Goran Gruica

Personal information
- Date of birth: 11 March 1986 (age 40)
- Place of birth: Split, SR Croatia, SFR Yugoslavia
- Position: Defender

Team information
- Current team: Al-Tai (assistant manager)

Youth career
- 2005: Hajduk Split

Senior career*
- Years: Team / Apps / (Gls)
- 2005-2007: Mosor
- 2007-2008: Šibenik / 14 / (0)
- 2008-2010: RNK Split
- 2011: Zestaponi / 0 / (0)
- 2011-2012: Mosor
- 2012-2013: Dugopolje / 43 / (1)
- 2014: Hanoi FC
- 2014-2015: Dugopolje / 28 / (2)
- 2016-2017: Solin / 31 / (2)
- 2017: Hajduk Split II / 17 / (1)
- 2018: Solin / 11 / (0)

= Goran Gruica =

Croatian association football manager

Goran Gruica (born 11 March 1986) is a former Croatian footballer and a current assistant manager of Saudi Pro League side Al-Tai.

== Club career ==
He started his career at Hajduk youth school and recorded two appearances in friendly games for the team from Split.

After that, he joined NK Mosor from Žrnovica, where he became captain of the team that competed in the Croatian Second Football League, and good games enabled him to transfer to HNK Šibenik, which was then competing in the Croatian First Football League. He made 15 first-team appearances for the Šubićevac team, and in addition to playing football, he simultaneously pursued an academic career.
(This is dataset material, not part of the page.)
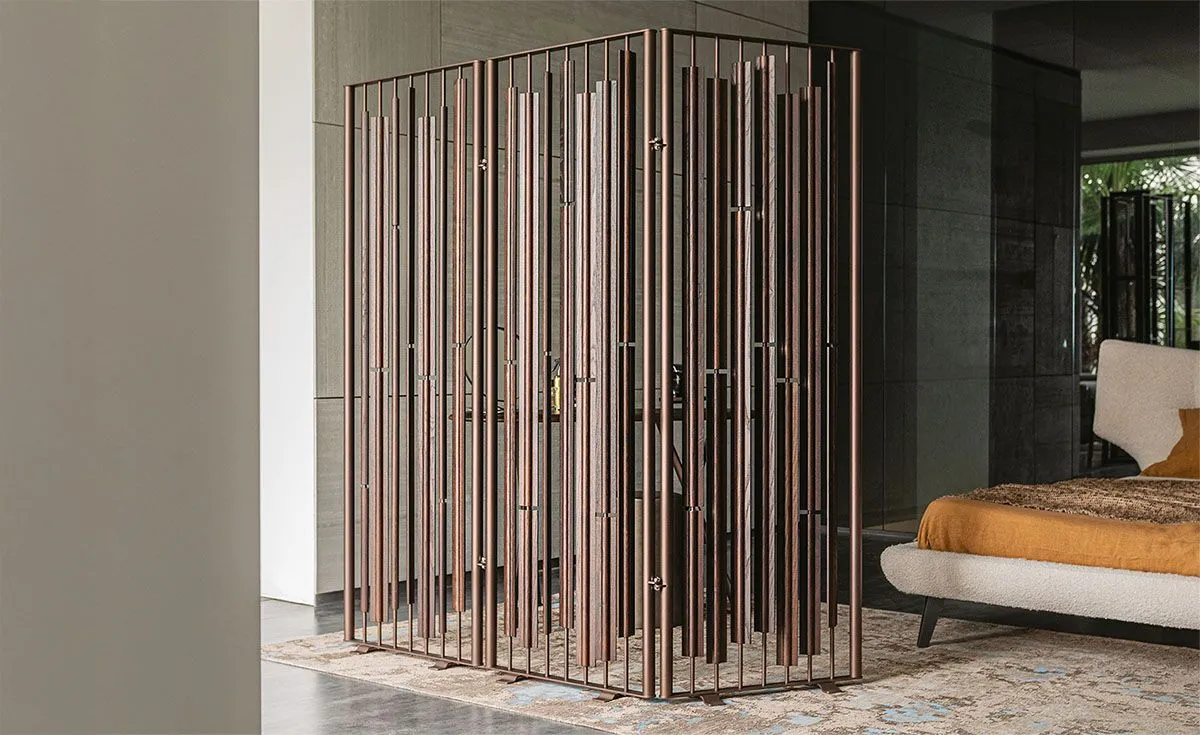Separé modulare con elementi girevoli in frassino tinto noce Canaletto (frNC) o frassino tinto rovere bruciato (frRB) e con struttura in metallo verniciato goffrato titanio (GFM11) o bronzo (GFM18). Dimensioni cm.199x183h.x15 sono tre moduli assemblati, disponibili anche singoli o doppi Informativa tecnica Struttura in acciaio verniciato a polveri epossidiche. Palette in legno massello di frassino tinto Contattateci per qualsiasi informazione o richiesta

Due to law studies, he returned to his hometown of Split in 2008, where he performed for the RNK Split, with which he first played in the Croatian Second Football League and then in the First Division, and during that time he was an occasional captain and an important player of the team from the Stadion Park Mladeži.

In 2011, he went abroad for the first time to the Georgian FC Zestaponi to win the Erovnuli Liga, but immediately after winning the title, he returned to his homeland where he again competed for Mosor in the Second Division.

After a season in Mosor, he moved to NK Dugopolje where he again played in the second rank, and with good games came the captain's role. At the end of the season, he went abroad once again, this time to Vietnam and with the FC Hanoi he won the championship title.

At the end of his second foreign engagement, he returned to Dugopolje, where as a team captain he led the club in the fight for the holding of the Second Division status, and then for two seasons he played for NK Solin, and together with his teammates he transferred from the Croatian Third Football League to the Second Division.

Before the end of his career, he joined HNK Hajduk second team, coached by Siniša Oreščanin, where he had the status of a mentor to younger talented players, however, for family reasons in the last half-season he returned to Solin, where he ended his career.

== Post-playing career ==
After his playing career, he returned to Hajduk as an assistant in the academy and team manager of the second team, but after personnel changes and inner club fights, he left the club.

At the end of 2019, he took over as the sports director of NK Solin, the club where he left his biggest mark as a player. He left the position in 2021.

In July 2021 he took over the position of assistant manager of Damac FC.

== Private life ==
Gruica graduated from the Faculty of Law in Split and is a married father of two children.